Jenkins job mediawiki-extensions-qunit Karma timeout on odd-numbered build slaves
Closed, ResolvedPublic

Description

About 50% of build jobs are failing for the mediawiki/core test job mediawiki-extensions-qunit due to a Karma related timeout.

Interestingly enough, all of the slaves which are consistently failing are odd numbered slaves:

  • integration-slave-trusty-1011
  • integration-slave-trusty-1013
  • integration-slave-trusty-1015

And those usually succeeding are even-numbered:

  • integration-slave-trusty-1012
  • integration-slave-trusty-1014
  • integration-slave-trusty-1016

I only looked at the most recent 15 or so builds, so it's conceivable that this is just a coincidence, or it could mean that Jenkins has become sentient and is rebelling against us. Also, mediawiki-core-qunit tests are fine on all of the build slaves.

02:56:06 Running "karma:main" (karma) task
02:56:06 26 12 2015 02:56:06.827:INFO [karma]: Karma v0.13.10 server started at http://localhost:9876/
02:56:06 26 12 2015 02:56:06.870:INFO [launcher]: Starting browser Chrome
02:56:12 26 12 2015 02:56:12.424:INFO [Chromium 47.0.2526 (Ubuntu 0.0.0)]: Connected on socket x8rKNUuoFpv7cATqAAAA with id 64277732
02:57:12 26 12 2015 02:57:12.443:WARN [Chromium 47.0.2526 (Ubuntu 0.0.0)]: Disconnected (1 times), because no message in 60000 ms.
02:57:12 Chromium 47.0.2526 (Ubuntu 0.0.0): Executed 0 of 0 DISCONNECTED (1 min 0.018 secs / 0 secs)
02:57:12 Warning: Task "karma:main" failed. Use --force to continue.
02:57:12 
02:57:12 Aborted due to warnings.
02:57:12 Build step 'Execute shell' marked build as failure

Event Timeline

Unicornisaurous raised the priority of this task from to High.
Unicornisaurous updated the task description. (Show Details)
Unicornisaurous added a subscriber: Unicornisaurous.
Restricted Application added a subscriber: Aklapper. · View Herald TranscriptDec 26 2015, 5:00 AM
hashar added a subscriber: hashar.Dec 26 2015, 10:05 AM

I am merely acknowledging this issue. Unlikely to get it fixed anytime soon since I am traveling right now.. On a first diagnosticI can't find anything specific, though I had restarted the puppetmaster.
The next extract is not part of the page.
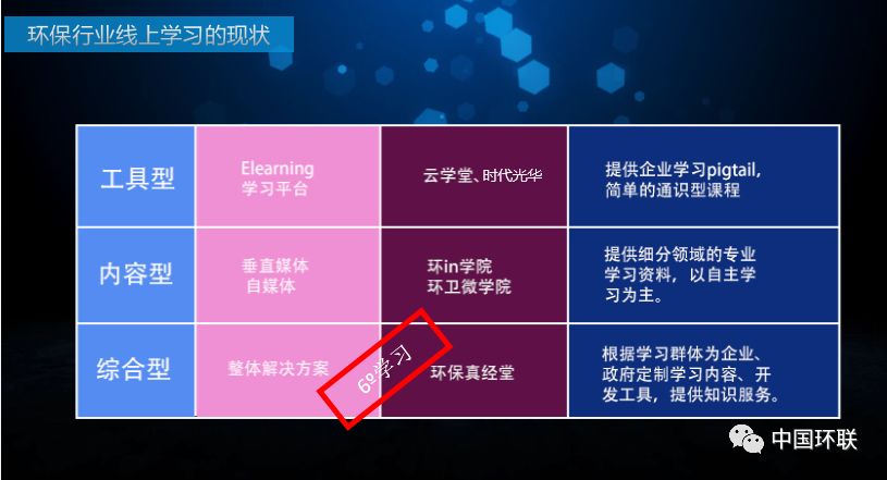 當(dāng)前環(huán)保行業(yè)人才缺口達(dá)300萬,且存在現(xiàn)有人員崗位技能合格率低以及企業(yè)和個(gè)人自我賦能乏力的問題。大型企業(yè)在提升工作人員技能方面,一般采取企業(yè)內(nèi)訓(xùn)、購買培訓(xùn)服務(wù)及外出參加培訓(xùn)的方式,但95%的中小微企業(yè)由于資金、管理機(jī)制等方面的不足,面臨員工培訓(xùn)機(jī)制不完善的困境。對(duì)此,阮洪銀提出了6o學(xué)習(xí)的模式:即將終身學(xué)習(xí)、系統(tǒng)化學(xué)習(xí)、組織化學(xué)習(xí),學(xué)習(xí)與愛好多重,學(xué)習(xí)與生活多重,多對(duì)多,老師與學(xué)生角色多重,學(xué)習(xí)與營(yíng)銷多重等六維度相結(jié)合,重新定義“知識(shí)”含義與獲取路徑,重新定義企業(yè)商業(yè)信息宣發(fā)路徑。

The tmpfs dir is empty, there is enough disk space, I restarted Xvfb on trusty-1011 and rebooted trusty-1015.

Will look again more seriously tonight (CET).

Change 261037 had a related patch set uploaded (by Unicornisaurous):
Update karma

https://gerrit.wikimedia.org/r/261037

Looks like jenkins was playing tricks on me, as an even-numbered build machine has also failed the same way. I suspect increasing the timeout will help as in the patch linked here. (The patch isn't actually mine...gerritbot just thinks it was because I added this bug to its commit message)

Increasing the timeout may solve the problem until the actual problem is fixed. Some tests may fail but the amount of tests failing will go down hopefully.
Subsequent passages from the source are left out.